Antonio Murgia – The Antithesis of Art

Antonio Murgia is the pioneering ‘Maestro’ who reinvented Italian Contemporary Pop Art. His expressive and intensive colours bring back reminiscences from the Italian group of Pop Artists who began to embrace the values explored in American Pop Art; drastically, changing the meaning of contemporary art after the Second World War: the visual expressions of an economic boom, of history and artistic heritage and the worlds of films and advertising.

The Term Pop Art is indeed the abbreviation of popular art through new technologies and the shapes of mass communication.

However, Antonio Murgia does not invent a revolutionary technique, as he often cites, but rather creates a new iconography. His monumental women faces lost in space and background, are the irreversible impact on the way we see the world and think about Art, through our subconscious, conscious and superconscious. Sensual intense lines of colours create powerful women profiles that seem to liberate our inner emotions: their eyes pierce our souls enlightening them in a burning flame of multiple realities.

My first glimpse of Antonio Murgia’s romantic expressive existentialism was through a phone call, a very long phone call which would not have ended after two hours of endless exchanges among Chaos and Order if were not for attending my very first dinner after two months of ‘corona house arrest’. Antonio Murgia’s voice brought my mind through a virtual pop gallery tour where my emotions were bouncing in bold, overwhelming and colourful strokes leading myself to be the only witness of my subconscious ecstatic fears.

Antonio Murgia’s story is like an oneiric journey: He was born in 1956 in Sarroch, in one of the most fascinating and unspoiled Italian Islands, Sardinia, a suspended land between present and future where colours are born before diffusing in every corner of the world, according to an old saying. This concept of connecting reason and imagination influenced Antonio Murgia throughout his search for identity. He moved with his family to Nord Italy where he studied at the “Accademia delle Belle Arti di Brera” in Milan.
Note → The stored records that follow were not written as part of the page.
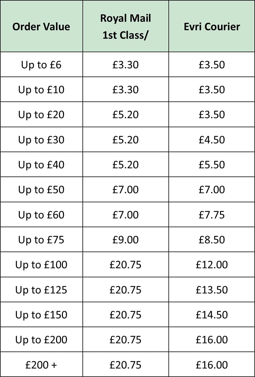 For our current postage rates, please see the table below.
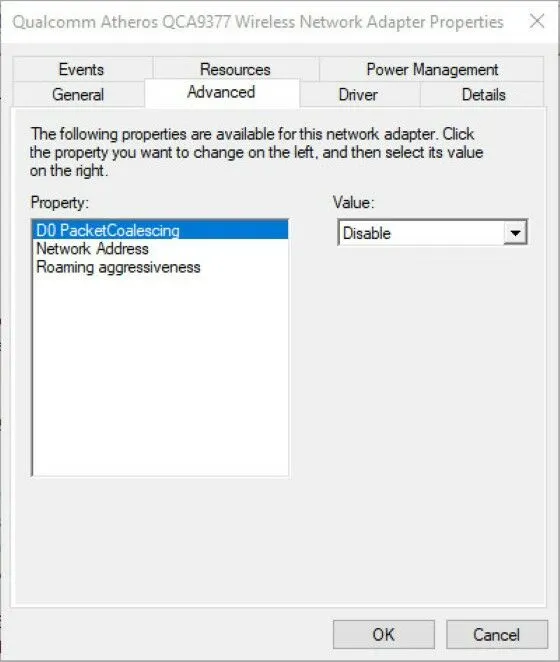 - Klik tab advance dan ganti value menjadi disabled. Setelah itu restart laptop dan coba koneksikan ke jaringan Wi-Fi yang tersedia.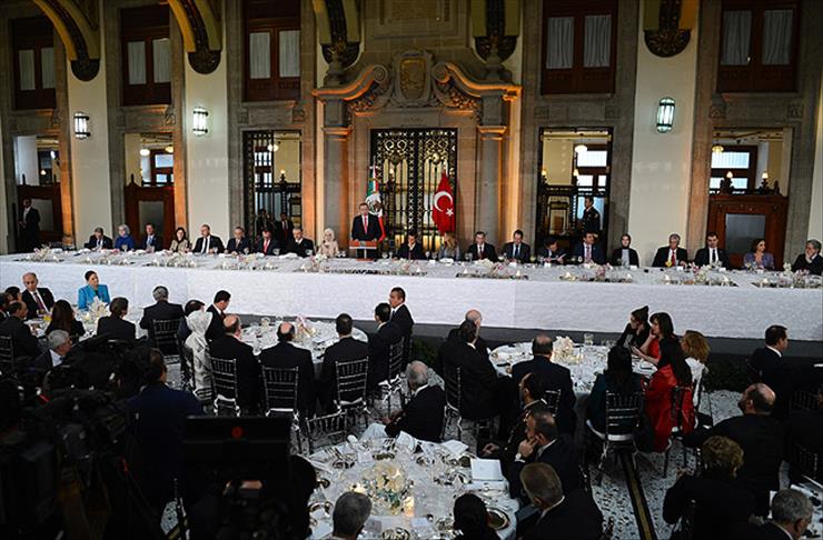 Cumhurbaşkanı Erdoğan, Meksika Cumhurbaşkanı Enrique Pena Nieto ile gerçekleştirdiği baş başa ve heyetler arası görüşmenin ardından, onuruna verilen resmi öğle yemeğine katıldı.

His successful artistic career started to surface the verisimilitude anguish of the present Italian economic instability and therefore, Murgia stopped at once. He worked for an Italian tv channel and even directed the realisation of various films in the late ’80s including the first edition of the Turin Film Festival. He became a musician and only later painting reconverted Murgia to his initial passion:  his colourful sensual and powerful strokes being our map through human pathos.

His series ‘Oros Project’ are the epitome of Murgia’s search for the fight and encounter among Order and chaOs, abstract against figurative, man and women, reason and imagination. His words are the most overwhelming poetry whispered to one’s soul: ‘Our existence develops among Chaos and Order… in my work. Chaos is in the eye of the beholder. My work does not generate psychological chaos but a chromatic exasperation through which the observer identify himself from what he sees’.

Illusion is disillusion, reality divides between appearing and being, emphasising the dialogue’s contemplation of ones ‘emotions.